I guess I'm just a serious drunk, what can I say? Over the course of this post I've drunk more than three-quarters of this bottle of Bacardi big Apple, and I'm still trying to address "serious webcomic issues", so I guess maybe I'm just not all that exciting while drunk. Or maybe I'm just supremely single-minded. Or maybe all this typing helps me keep my mind clear... I don't know. In any case I doubt my post is as amusing as many of the other posts on this fine night, but at least I managed to talk about some things I've been dying to talk about, and hopefully you enjoyed it. We'll reconvene tomorrow and I'll link to some other NaDruWriNi posts with my thoughts.
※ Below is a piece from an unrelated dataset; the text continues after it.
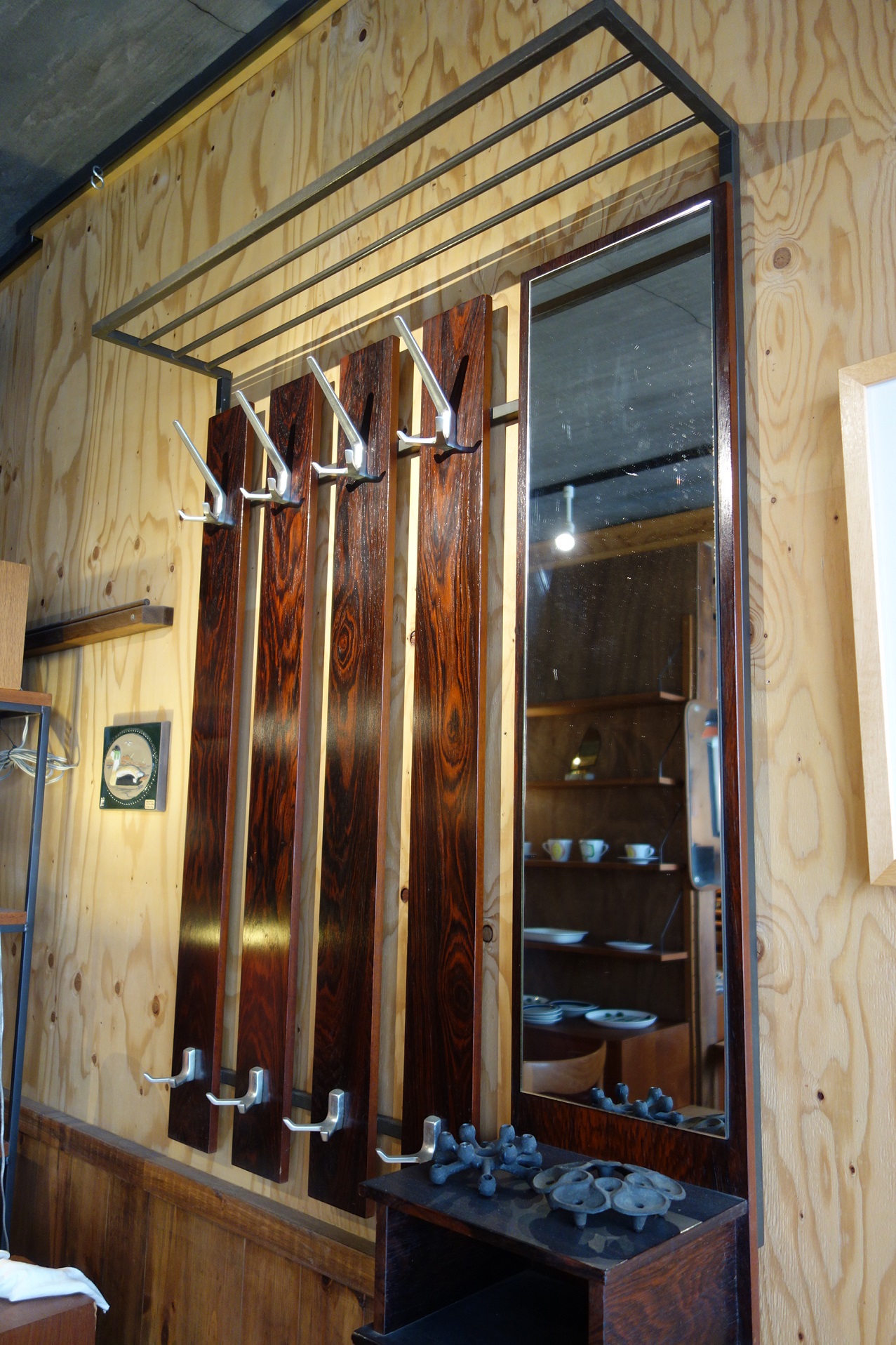 オランダ製のこのコートラック、何といってもフックのデザインが素晴らしく、北欧にはあまりないとがったデザインとなっています。トップには鞄や帽子が置ける棚、右側には良いサイズの鏡、その下には、ちょっとした物が収納できる棚が付いています。

I had a good time, anyways. Now I've just got to finish this stupid thesis and find a freaking job.

3 Comments:

At 9:09 PM, Anonymous Anonymous said...

"Ah yes, bandwagons. Anybody remember the Webcomic Hurricane Relief Telethon? Remember what a grand event it was, how tons of people were getting on board and we were making history? ... Why was that such a success while the Biggest Webcomic Loser languished? Because it was short. People on the internet just don't have very long attention spans. Trying to run an event that lasts an entire year is kind of a preposterous suggestion. ... They just want their five seconds of humor or drama and then to move on with their lives."

This is absolutely correct. In every sense. Good on you for pointing it out.

 
At 6:21 PM, Anonymous Anonymous said...

One suggestion for genre webcomics in print is the deadtree collection of, Agnes Quill: An anthology of mystery, the extras (diaries and reports) in this are more than enough to quantify spending your money.

 
At 10:36 AM, Anonymous Anonymous said...

browser:/
I just looked up how to mix big apple and I got into your postings.
Frankly, I believe that everybody is so absorbed in their own lives to worry about others. It doesn't matter if your online talking about the Hurricane relief, what are you doing about it?
Great, so you talk about it online congratu-freakin-lations! Other people have lives and are also going through struggles even without nature fucking it up and you bash others for not having the attention to listen or read about that?!!?
It matters a hell of a lot more to those who face it :::shrugs :::
again what are you doing about it ?
You buy all those books that satisfy you and what of your money goes to the Hurricane Relief victims?... try a library or online books
Anyways thank you for the apple cider and big apple mix, I just felt compelled to tell you that people have opinions against your beliefs. Sorry, bout being so frank its easier to tell "it"online rather than voice face to face.